Everyone who has blue eyes knows from the beginning that there are either 99 or 100 blue-eyed people, and everyone who has brown eyes knows from the beginning that there are either 100 or 101 blue-eyed people. They know this, but to be SURE what color their OWN eyes are, they have to wait until the 99th or 100th night and see if people leave, then leave the next if they didn't.
(January 24th, 2013, 17:23)Jowy Wrote: @ The Island riddle:
Okay, I was not correct about the Guru speaking not giving any information. Without the Guru speaking, they can indeed tell that there are people with blue eyes, which is exactly what she says. But without the Guru saying it, the chain never starts.
If anyone knows the answer but is still stumped by why the guru's information actually counts as information despite it already being known by all the inhabitants of the island, you can think of it like this:
The guru is giving information to hypothetical people in the heads of hypothetical people in the heads of ... etc ..., who can look around and see that no one else has blue eyes. It turns out that these hypothetical people don't exist! But their nonexistence leads to their inaction in spite of the information the guru gives them, which tells the next level of hypothetical people that they have blue eyes. But these people don't exist either. One night at a time, the guru's information propagates up one level in the giant pyramid of people imagining other hypothetical people that see the previous level as brown-eyed, until finally it reaches the actual blue-eyed islanders.
(January 24th, 2013, 15:48)scooter Wrote: Here's a pretty simple one that I like (pretty likely some of you have heard it before):
You're in a dark room with 100 coins on a table, 12 are heads and the rest are tails, and the two faces are completely indistinguishable in the dark. How do you separate the coins into two piles so that the number of face up heads in each pile are equal?
(again, no dumb solutions like "turn the lights on")
Good one, must try that on some of my brighter students...
Take 12 coins from the main piln and form pile 2. Then flip those 12 coins.
In the main pile there are now 12 - n heads remaining (n being the number of heads you selected. n is random number [0-12])
Now in the 12 you selected there were n heads. You flip them, and get 12-n heads, which is equal to the main pile.
Say you took 10 tails and 2 heads, leaving 10 heads in main pile.

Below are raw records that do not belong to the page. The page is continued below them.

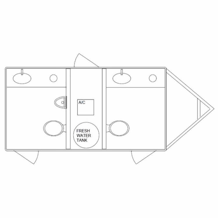Two private, fully enclosed restroom stalls in a single trailer make this 2-station restroom trailer an ideal solution for small events, job sites, or backyard gatherings where a clean, comfortable bathroom option is needed. Each stall offers a lockable door for privacy, a flushing toilet, and a sink with running water for handwashing. The compact, towable unit provides a more dignified and convenient experience than standard portable toilets while remaining easy to place and service. Perfect for weddings, outdoor parties, film shoots, or crew facilities, this restroom trailer combines practicality and comfort in a small footprint.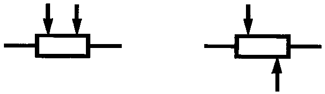 6. Резистор переменный с несколькими подвижными контактами, например, с двумя: | |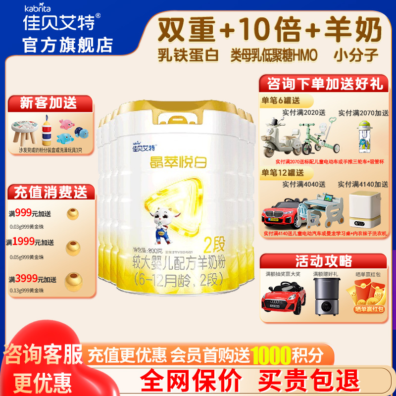 佳貝艾特晶萃悅白2段6罐800g奶粉旗艦店嬰幼兒配方二段羊奶粉正品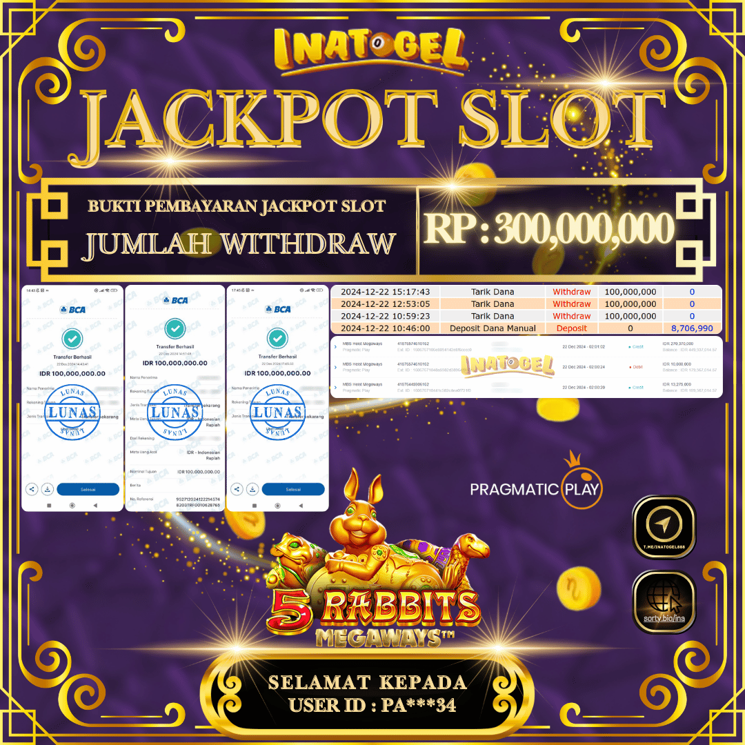 Selamat kepada UserId PA***34 telah berhasil mendapatkan kemenangan jackpot pada permainan Slot Game 5 Rabbits Megaways Inatogel sebesar Rp300,000,000,- . Inatogel situs terpercaya sejak dulu hingga saat ini , Untuk kemenangan berapapun pasti akan kami bayarkan . Jangan ragu bermain di Ina Togel . Kami pihak Inatogel Menyampaikan terima kasih kepada seluruh member Ina Togel yang telah Percaya dan setia Bersama kami bermain di Inatogel hingga saat ini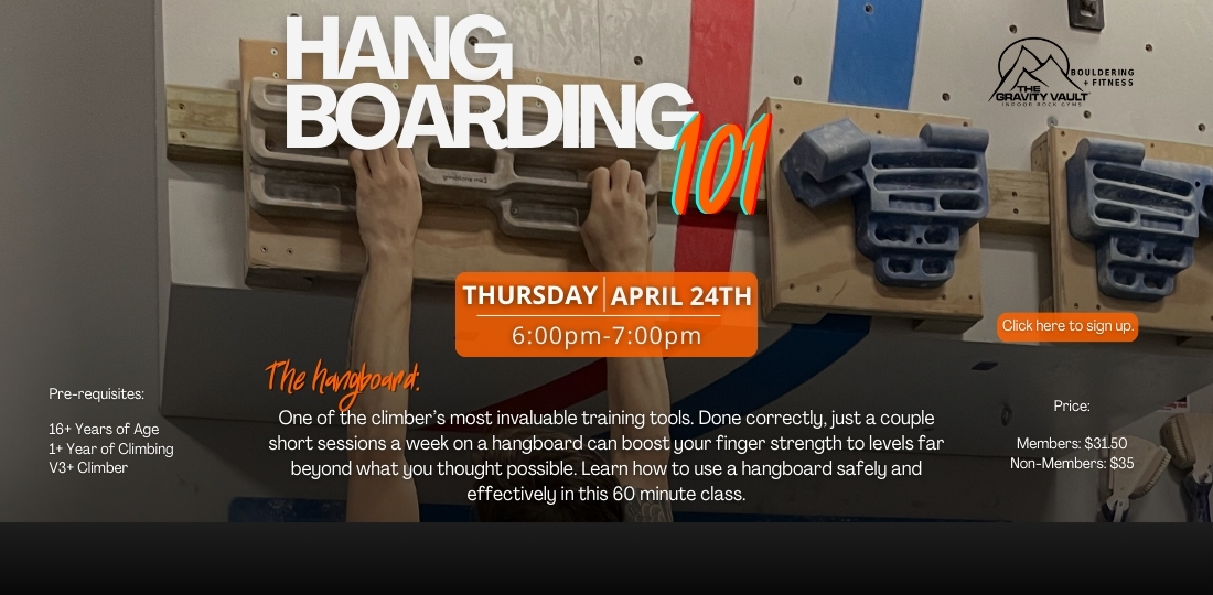 The hangboard is one of the climbers most invaluable training tools. Done correctly, just a couple short sessions a week on a hangboard can boost your finger strength to levels far beyond what you thought possible. Learn how to use a hangboard safely and effectively in this 60 minute class.

Flip those 12 and you get 10 heads and 2 tails.
About island puzzle
To find solution I reduced the problem to 5 islanders, 1 guru and 2 each with blue/brown eyes. Easy to imagine that the blue eyed girls will look at the other and think "If I have brown eyes then she is getting off tonight". So since noone gets off, both immediately deduces that they do not have brown eyes. Each person added adds one layer of deducion needed, and one day for things to work out. So 100 blues leave on day 100.
. I won't mention how long I spent on it...